L’évaluation prévient dès que la version épinglée est dépréciée :

kanidm 1.10 is deprecated and will reach end-of-life on 2026-08-31

Passée cette date, nixpkgs marque la version comme non maintenue et l’évaluation échoue. La montée est donc à planifier avant l’échéance.

  1. Contrôle de compatibilité, sur le HCS, avant de toucher à la version :

    Fenêtre de terminal
    just enter hcs
    sudo kanidmd domain upgrade-check -c /etc/kanidm/server.toml

    Opération en lecture seule. Chaque item doit ressortir PASS ; un FAIL se corrige avant d’aller plus loin.

  2. Copie à froid de la base, seul rollback réellement fiable :

    Fenêtre de terminal
    sudo systemctl stop kanidm
    sudo install -d -o kanidm -g kanidm /var/lib/kanidm/pre-upgrade
    sudo cp -a /var/lib/kanidm/kanidm.db* /var/lib/kanidm/pre-upgrade/
    sudo kanidmd database backup /var/lib/kanidm/pre-upgrade/dump.json -c /etc/kanidm/server.toml
    sudo chown -R kanidm:kanidm /var/lib/kanidm
    sudo systemctl start kanidm

    Copier le journal, pas seulement la base. SQLite ne fusionne pas toujours son journal d’écriture en fermant : un kanidm.db-wal de plusieurs Mo survit couramment à l’arrêt du service. Copier kanidm.db seul laisserait de côté les dernières transactions.
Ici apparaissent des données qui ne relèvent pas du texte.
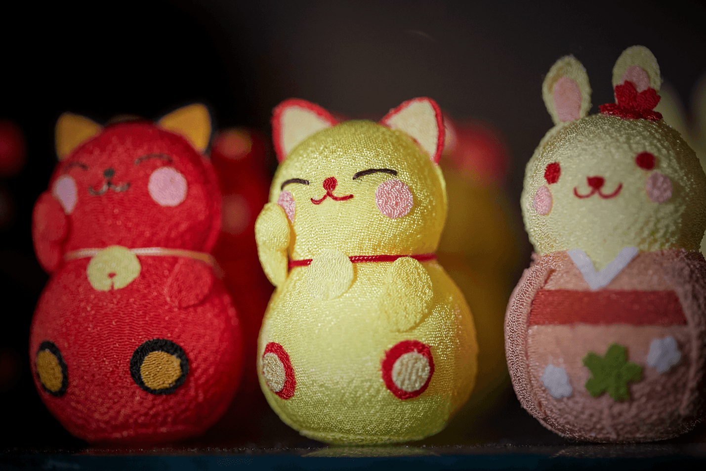 In their soft, textured grins, I find the warmth of home. Handcrafted from scraps of time and silk, these little spirits stand watch over the quiet corners of my heart, keeping every memory safe.

Le * prend le triplet .db, .db-wal et .db-shm, qui ne vaut que pris ensemble.

    Le chown final n’est pas optionnel : les deux commandes précédentes tournent en root et laisseraient sinon des fichiers que le service ne peut plus écrire.

  3. Passer l’épingle à la version suivante, une seule à la fois, puis déployer le HCS.

  4. Vérifier le service et la cohérence de la base :

    Fenêtre de terminal
    systemctl status kanidm
    sudo kanidmd database verify -c /etc/kanidm/server.toml

    Terminer par une vraie connexion OIDC sur un service du réseau.

En cas d’échec : remettre l’épingle sur la version précédente, restaurer le fichier .bak à la place de kanidm.db (service arrêté), redéployer.